Wills stood and said, “The prosecution calls Kimiko Binx.”

Chapter 52

Kimiko Binx raised her right arm and took the oath. A fit Asian American woman in her late twenties, Binx wore a chic gray pantsuit. Since I’d seen her last, she had grown out her hair and gotten it cut in a geometric style.

She perched in the witness chair and slowly swept her gaze around the courtroom, looking at everyone, it seemed, but me.

“You may proceed, Mr. Wills,” Judge Larch said, and she coughed.

The assistant U.S. attorney adjusted his pants, grinned sheepishly at the jury again, and then said, “Ms. Binx, what is it you do exactly?”

“Web design and coding,” she said.

“Good at it?”

“Very.”

“Well,” Wills said, and he smiled at the jury once more. “Do you remember the afternoon and early evening of March the twenty-ninth?”

“Like it was yesterday.”

The prosecutor led Binx through her version of events. She reported that she’d found me waiting for her outside her apartment door when she came in from a run, that I’d tracked her through a website dedicated to Gary Soneji that she’d designed, and that I asked her to take me to see her partner in the website, Claude Watkins.

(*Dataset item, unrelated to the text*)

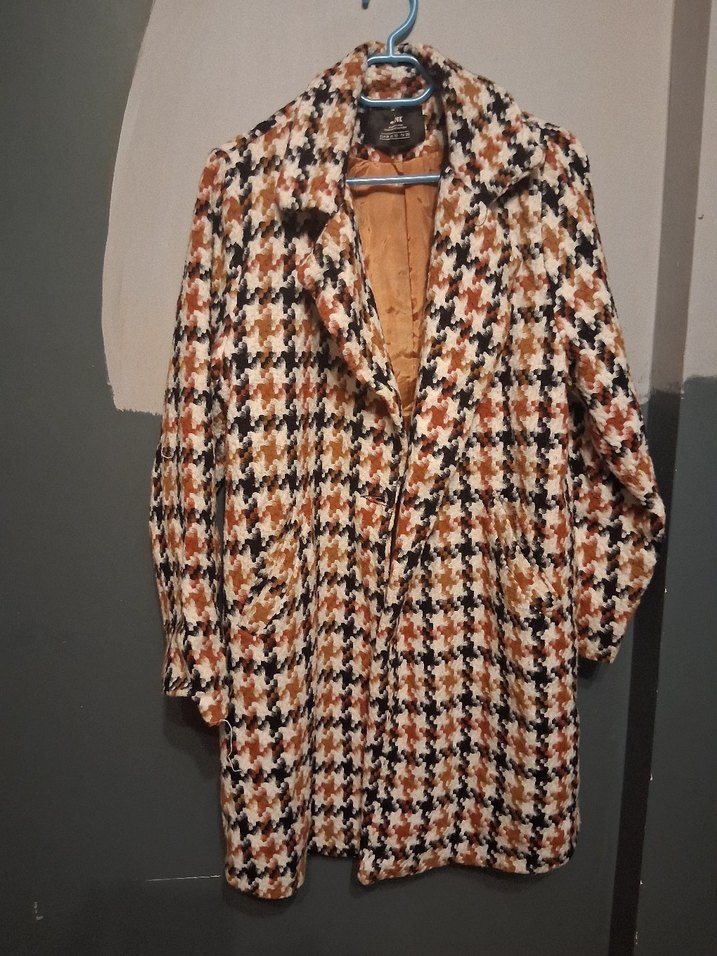 Düğmeli, kahverengi desenli uzun kaban. Diz üstü yumuşak, regular fit ve uzun kollu, günlük kullanım için uygun.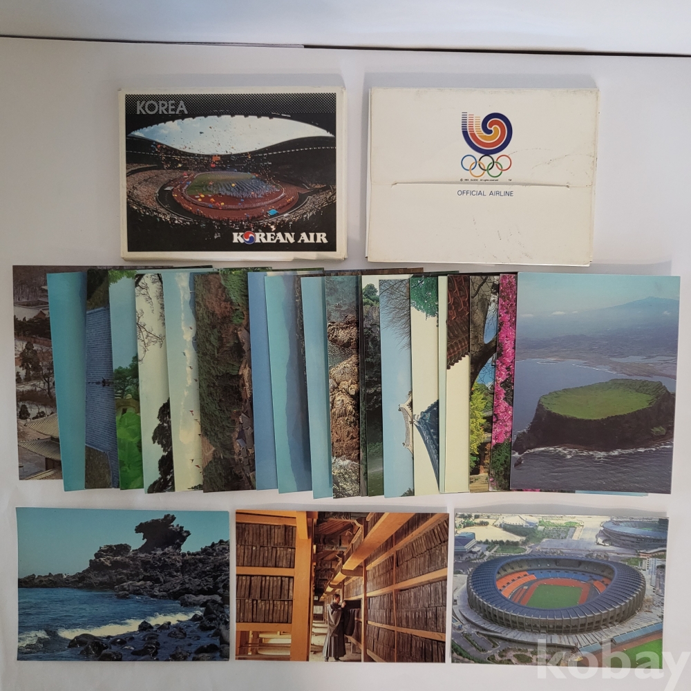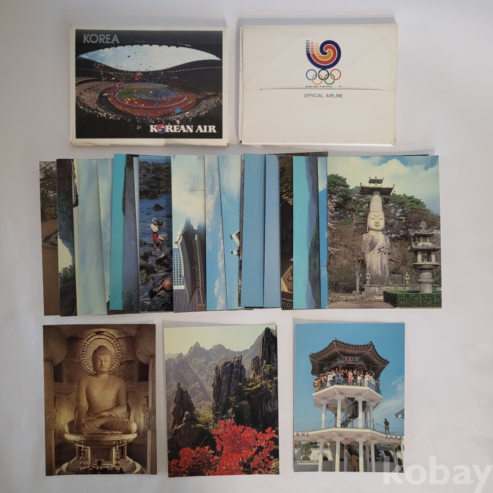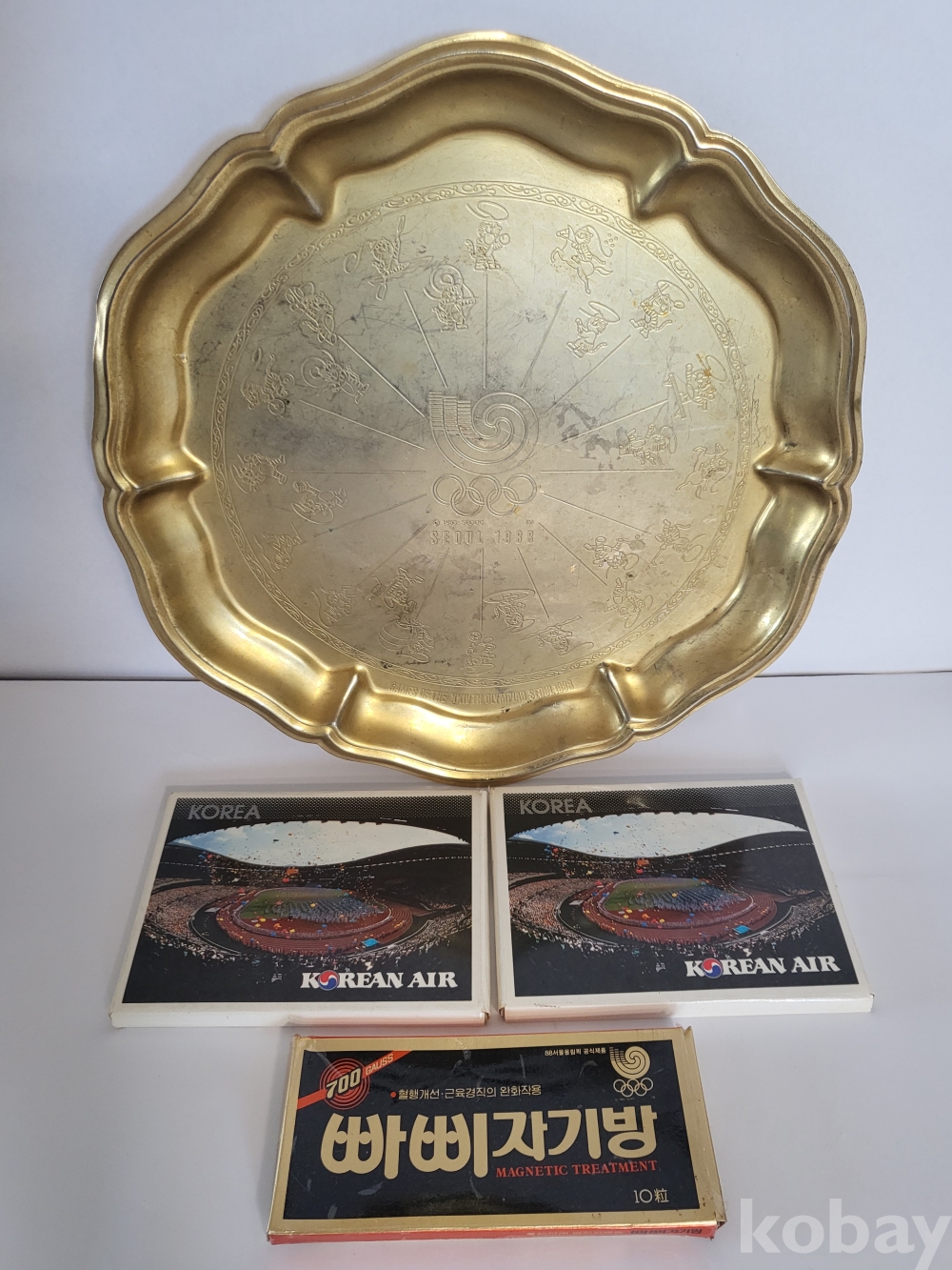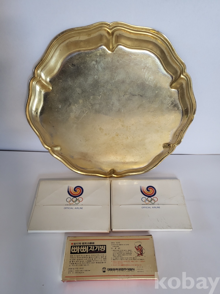 호돌이 금장 쟁반, 대한항공 엽서묶음 2세트, 추억의 미사용 빠삐자기방 등 입니다

“What’s your big interest in Gary Soneji?” Wills asked.

Binx shrugged. “It was a phase, like that woman who wrote the book where she visits all the graves of assassinated presidents? Kind of ghoulish, but interesting at the moment, you know?”

“So you’re not obsessed with Gary Soneji?”

“Not anymore. Seeing friends of mine killed for their intellectual interests soured me on it.”

“Objection!” Anita said.

“Sustained,” Judge Larch said. “The jury will ignore the last statement.”

Wills bowed his head, crossed to the jury box. “So you led Dr. Cross to an abandoned factory to see Mr. Watkins, isn’t that correct?”

Binx nodded and said that Claude Watkins and some of his friends had been using the old factory as an art studio and living space.